Сразу после завтрака он решил все же выйти, чтобы купить на ближайшей торговой улице почтовой бумаги, он забыл целую коробку в парижской гостинице. Одной из особенностей теперешнего его самочувствия было то, что ему необычайно тяжело было на что-нибудь решиться. Он даже сам удивился, что легко решился выйти за этой бумагой: значит, ему действительно важно написать письмо — чтобы не лишиться хоть этой единственной нити, связывающей его с людьми. Впрочем, он даже не знал, кому хочет написать; Алек начинал раздражать его своим доктринерством, а Януш был так далек от всего, что он сейчас переживал и о чем размышлял.
Несколько шагов от пансионата до писчебумажного магазина утомили его. И даже не сама ходьба, а людской поток на улицах. Чувствовалась не столько физическая, сколько душевная усталость от созерцания этих подвижных южан, особенно девушек, которые быстро шли навстречу или обгоняли его. Привлекали их движения, очертания бедер. Он попытался представить себе, каким будет мир без него. Дети, играющие на тротуаре, вырастут, женщины постареют и умрут. Интересно, а будет счастлив вот тот мальчик в темно-синей блузе? «Ну, этого я не узнал бы, проживи я и сто лет, — утешил он себя. — И что это вообще за сентиментальные размышления о счастье?»
Как только он вернулся, появился доктор; снова пришлось с трудом изъясняться. Доктор уже знал и его, и его болезнь, поэтому не удивился приезду Эдгара, только покачал головой. Но он почти ничего не слышал из того, что Эдгар говорил шепотом, и даже заметил, что год назад мосье Шиллер говорил куда лучше. Эдгара это снова разозлило: я и сам знаю, что чувствую себя куда хуже, чем в прошлом году, к чему же напоминать об этом!
Доктор удалился, прописав таблетки, порошки и укрепляющие уколы, которые должен будет делать фельдшер из клиники, а потом посоветовал Эдгару взять напрокат радиоприемник. Даже дал ему адрес магазина, где его можно взять.
— Работаете сейчас над чем-нибудь? — спросил он.

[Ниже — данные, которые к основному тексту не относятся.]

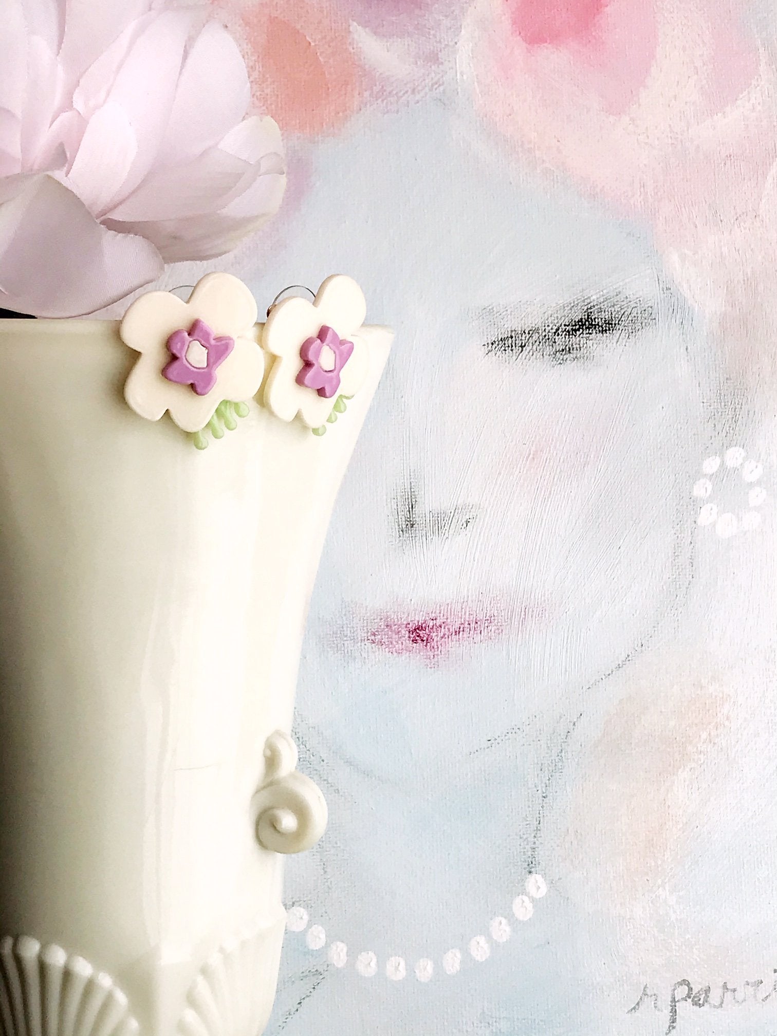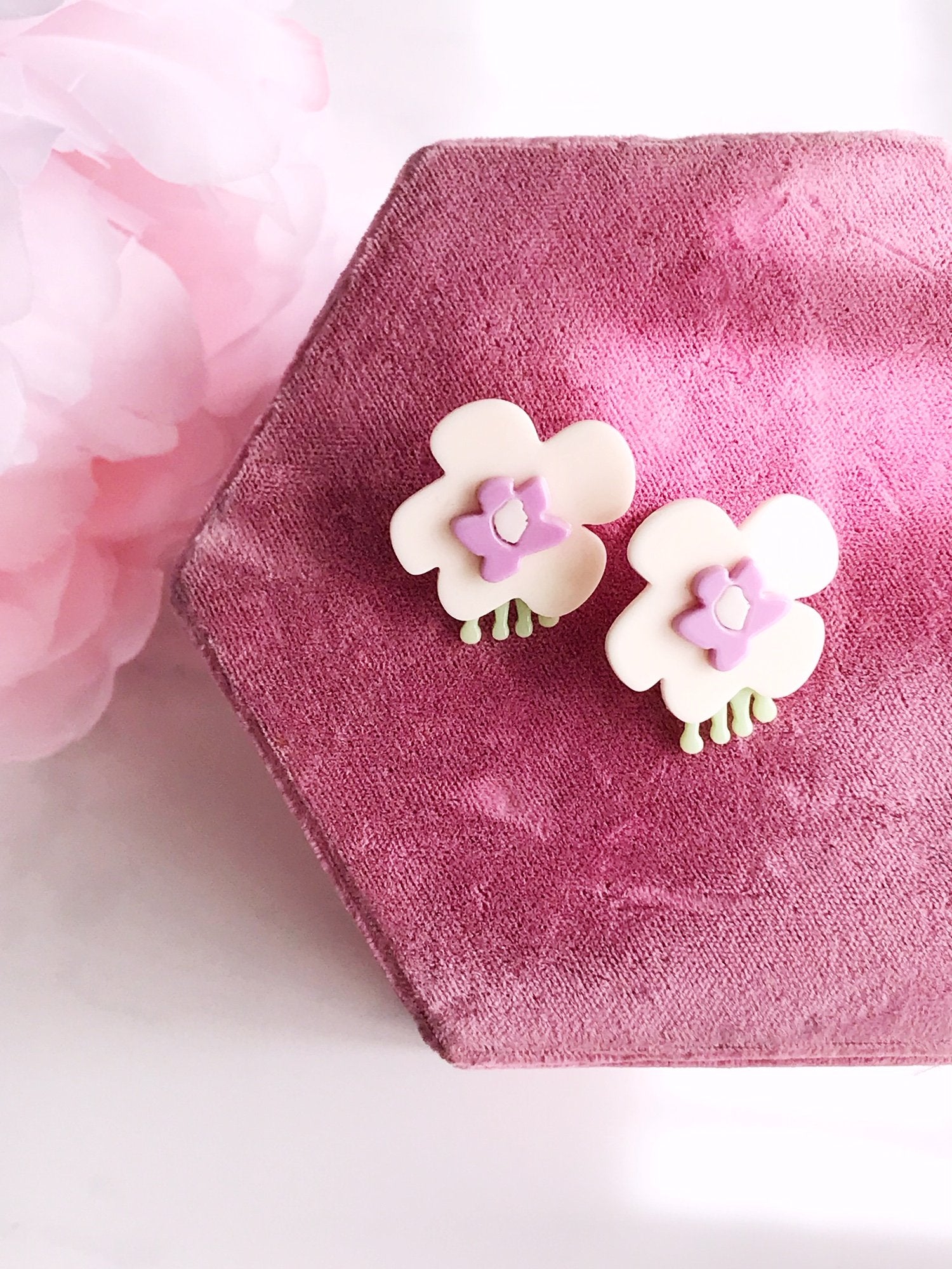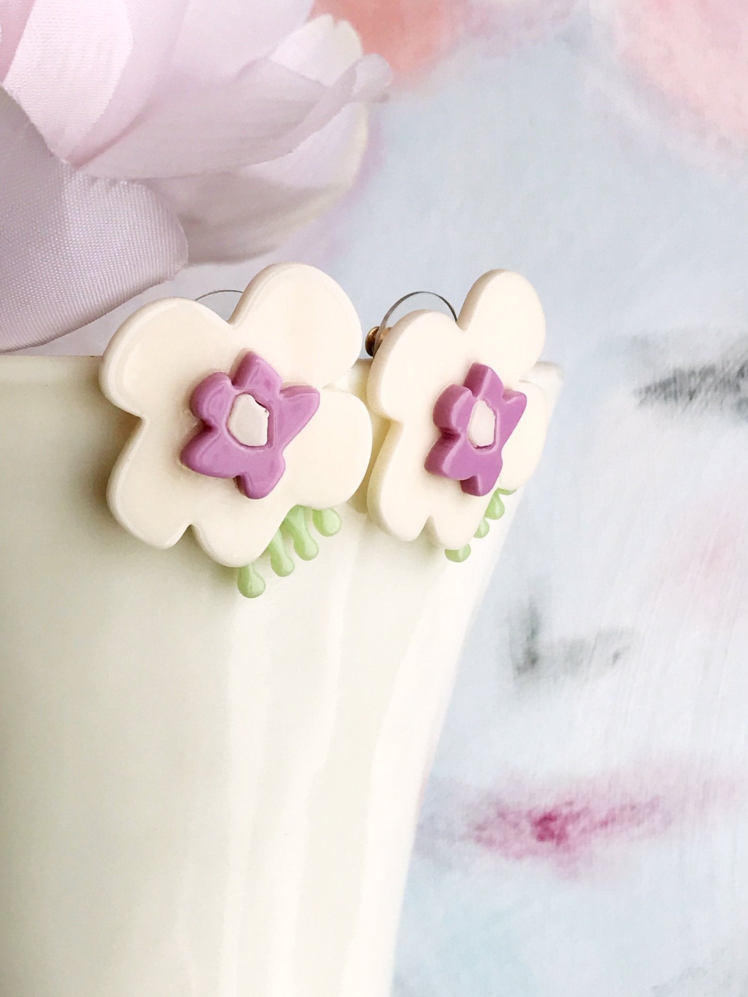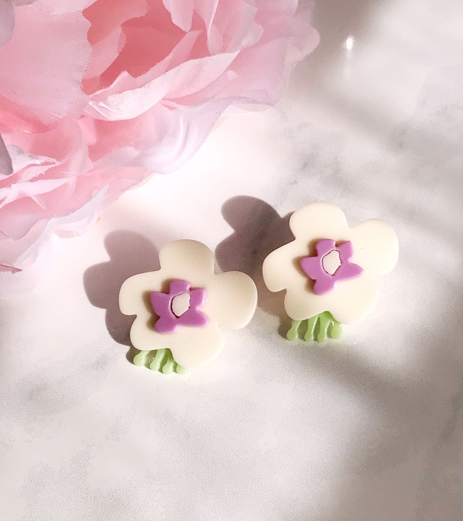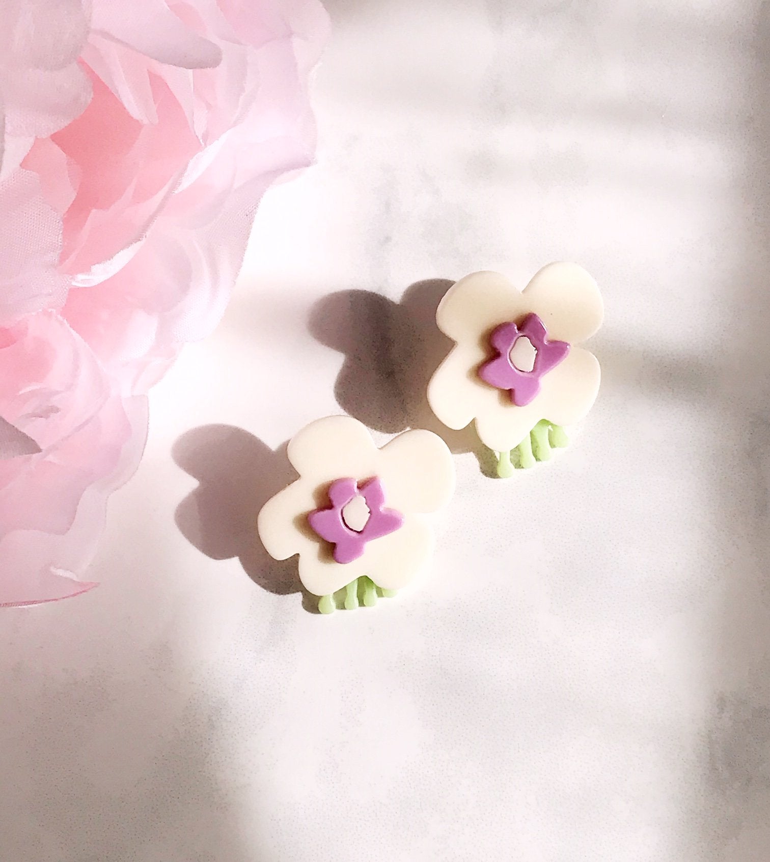 Lightweight layered acrylic stud earrings with stainless steel ear posts. 1-1/8 inches in diameter.

Эдгар вспомнил, что привез с собой листы с набросками песни, но только махнул рукой.
II
На другой день гарсон, приносивший ему завтрак, доставил и приемник. Несмотря на порошки, спал Эдгар плохо и утром не встал с постели, только с трудом побрился. Жозеф — так звали гарсона — проявил большое внимание к композитору. С его помощью и прибыл в комнату большой палисандровый ящик. Поставили его возле постели, справа от изголовья. Слева был ночной столик. Около полудня — примерно через сутки после прибытия Эдгара в пансионат «Мимоза» — принесли телеграмму от Эльжбеты. Телеграмма была послана из Нью-Йорка, с борта корабля «Куин Мэри», на котором Эльжбета должна была плыть в Саутгемптон, сейчас у нее предстояли выступления в Лондоне и концерты для Би-Би-Си. Но и это известие оставило Эдгара совершенно равнодушным, он принял его как нечто отдаленное, точно эхо давних дней.

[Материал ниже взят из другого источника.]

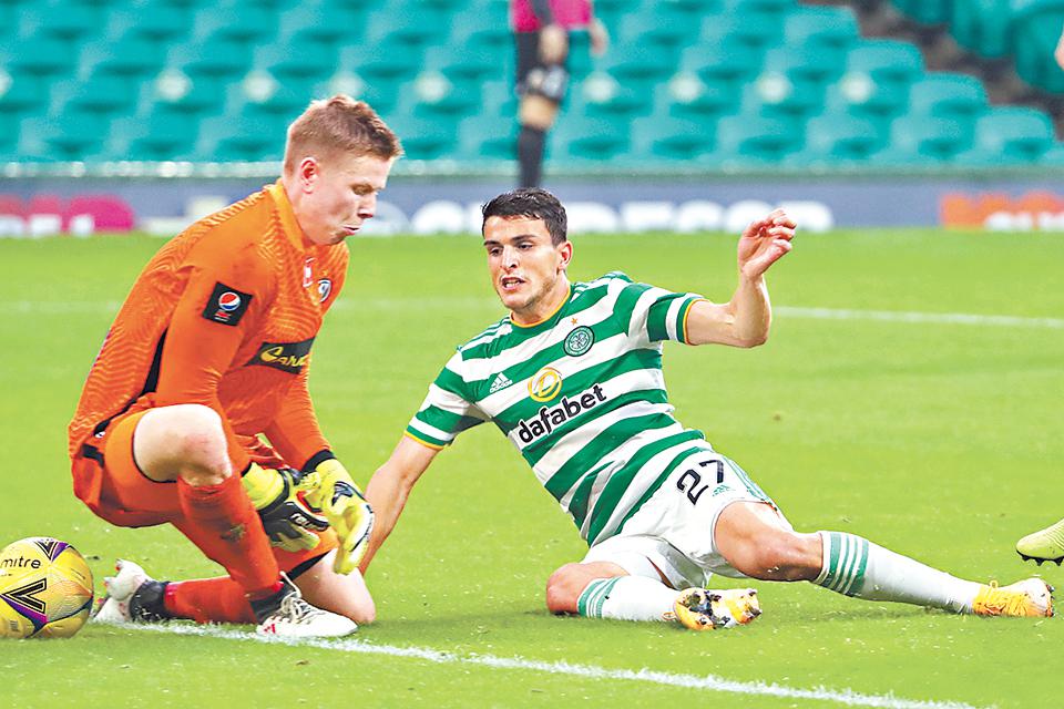 20/21歐聯第1圈外圍賽已正式展開,蘇超班霸些路迪(右)淨勝冰島球隊雷克雅維克6:0晉級。路透社

Вид моря все так же напоминал ему Одессу, и он невольно уносился мыслями в прошлое. Засыпал он поздно, каменным сном, и просыпался также с трудом, онемелый и отяжелевший. И уже через минуту всплывали картины детства. Эдгар был далеко не стар, но возраст свой воспринимал как бремя старости, и то, что уже миновало, казалось ему одновременно и днем вчерашним, и глубокой древностью. С Одессой были связаны и первые музыкальные воспоминания. Напрасно он просматривал радиопрограммы, чтобы поймать хотя бы отрывок из «Нормы»{23}
— первой оперы, на которой они были вместе с Эльжбетой. Родителей, поклонников Вагнера и русской музыки, раздражала, как они говорили, чистая итальянщина этой оперы, но их с Эльжбетой она привела в восторг. Вернувшись домой, они воспроизводили сцены из «Нормы», и Эльжуня впервые проявила свой талант, подражая итальянской певице, напевавшей mezza voce арию «Casta diva».В этих первых музыкальных впечатлениях, о которых он вспоминал теперь, Эдгар вновь находил себя настоящего. Тогда впечатления эти волновали его так, как потом ничто уже не волновало. Годы преподавания несколько отвратили его от музыки, сам он писал много, а вот слушать любил все меньше, и все меньше оставалось у него прежней свежести впечатлений, музыка была где-то вне его, ноты — которые он великолепно понимал — отскакивали от поверхности его кожи, точно дождь электронов, не пробивая его равнодушия. Собственное творчество служило ему неким щитом, ограждавшим от чужого творчества, и даже та, прежняя музыка, самая любимая и чудесная, оставляла его в состоянии равнодушия.